新国立劇場 ツェムリンスキー「フィレンツェの悲劇」&プッチーニ「ジャンニ・スキッキ」 2025

新国立劇場 フィレンツェ2部作
●6日は新国立劇場でツェムリンスキー「フィレンツェの悲劇」&プッチーニ「ジャンニ・スキッキ」のダブルビル。2019年に初演された粟國淳演出のプロダクションで、指揮は初演と同じ沼尻竜典だが、オーケストラは東京交響楽団。このフィレンツェ・セット、本当によくできた組合せでとても楽しい。物語も音楽も上質で、両作とも1時間前後と短いので気構える必要がない。悲劇と喜劇の組合せだが、前者は「暗黒のラブコメ」、後者は「地獄に落ちる話」という逆説があるからおもしろい。
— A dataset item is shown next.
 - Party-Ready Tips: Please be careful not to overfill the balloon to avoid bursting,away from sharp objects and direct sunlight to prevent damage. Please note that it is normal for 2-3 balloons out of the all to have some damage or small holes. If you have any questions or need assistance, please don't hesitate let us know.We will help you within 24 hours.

●ツェムリンスキー「フィレンツェの悲劇」は歌手が3人のみ。商人シモーネにトーマス・ヨハネス・マイヤー、フィレンツェ大公の息子グイード・バルディにデヴィッド・ポメロイ、シモーネの妻ビアンカにナンシー・ヴァイスバッハ。歌手陣充実。シモーネの役柄が多弁な商人なので、もっぱらシモーネ役が歌い続ける。もう少しグイード役の美声を聴きたいと思ってしまうほど。後期ロマン派スタイルの官能的で豊潤なオーケストラの響きを堪能。
●寝取られた商人が、傲慢な貴族に対して下手に出ながら弁舌巧みに剣による決闘に導く。盗賊に襲われ撃退した実戦経験もある商人にとって、猟色家の貴族など敵ではないということなのだろう。間男を殺した後、今度は裏切った妻を殺そうとする。ところがそこで、妻が自分の夫の強さを知って恍惚とし、夫も妻の美しさに気づき、口づけで終わる。笑ってしまうような結末だが、この愛の形にはある種の真実味がある。最後の最後の場面、「あれ、やっぱり妻を殺すのかな?」という演技にも見えたけど、ツェムリンスキーのスコアは「愛の音楽」に着地していると思う。
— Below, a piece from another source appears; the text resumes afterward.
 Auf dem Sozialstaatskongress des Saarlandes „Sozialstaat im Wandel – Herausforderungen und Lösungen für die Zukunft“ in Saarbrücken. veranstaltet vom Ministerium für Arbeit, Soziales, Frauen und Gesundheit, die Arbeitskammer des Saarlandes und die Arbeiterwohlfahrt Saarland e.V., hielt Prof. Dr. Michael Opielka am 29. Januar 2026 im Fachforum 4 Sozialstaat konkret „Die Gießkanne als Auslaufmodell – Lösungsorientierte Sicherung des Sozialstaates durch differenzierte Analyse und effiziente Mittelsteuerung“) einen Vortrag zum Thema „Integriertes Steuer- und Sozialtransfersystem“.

●舞台装置が変わっている。屋内の話なのに屋外になっていて、前回も今回も意味がわからなかった。
●ツェムリンスキーの後、プッチーニ「ジャンニ・スキッキ」になると一気に晴れやかな気分になる。ジャンニ・スキッキ役はピエトロ・スパニョーリ。うさん臭い人物というよりダンディな人物像ながら、声マネも無理がなくコメディアンぶりを発揮。ラウレッタに砂田愛梨、リヌッチョに村上公太、ほかに与田朝子、青地英幸、針生美智子、網永悠里、志村文彦、河野鉄平、吉川健一、中島郁子、畠山茂、清水宏樹、大久保惇史、水野優。チームワークのコメディ。比較的序盤に随一の聴きどころ「私のお父さん」が歌われるわけだが、砂田愛梨はここで劇場内の空気をがらりと変えた。大成功では。東響も好演。やはりプッチーニはオーケストレーションの魅力が大きい。
●ジャンニ・スキッキがブオーゾに扮して、大事な遺産をジャンニ・スキッキに相続させるという強欲三連発の場面、なんど見てもおかしい。昨年のセイジ・オザワ松本フェスティバル「ジャンニ・スキッキ」ではここで客席からドッと笑いが起きたのを思い出す。新国立劇場になるとお客さんが作品を知りすぎているからなのか、笑いは起きない。
●舞台には巨大な本や目覚し時計、天秤などが置かれていて、登場人物はみんな小人ということになっている。ブオーゾはベッドではなく本の上に寝ており、やがてその本がダンテの「神曲 地獄篇」であることがわかる。遺産相続を巡って争う親戚たちの人間としての卑小さをあらわしているのだろうか。が、これが「フリ」だとすると、「ウケ」が欲しいと思うのは自分だけではないと思う。つまり、最後まで観るとどうして小人なのかが腑に落ちるような物語作法を期待してしまうのだが。ともあれ、全体としてはすこぶる良質な二本立てで、2回観ても「また観たいな」と思えるほど。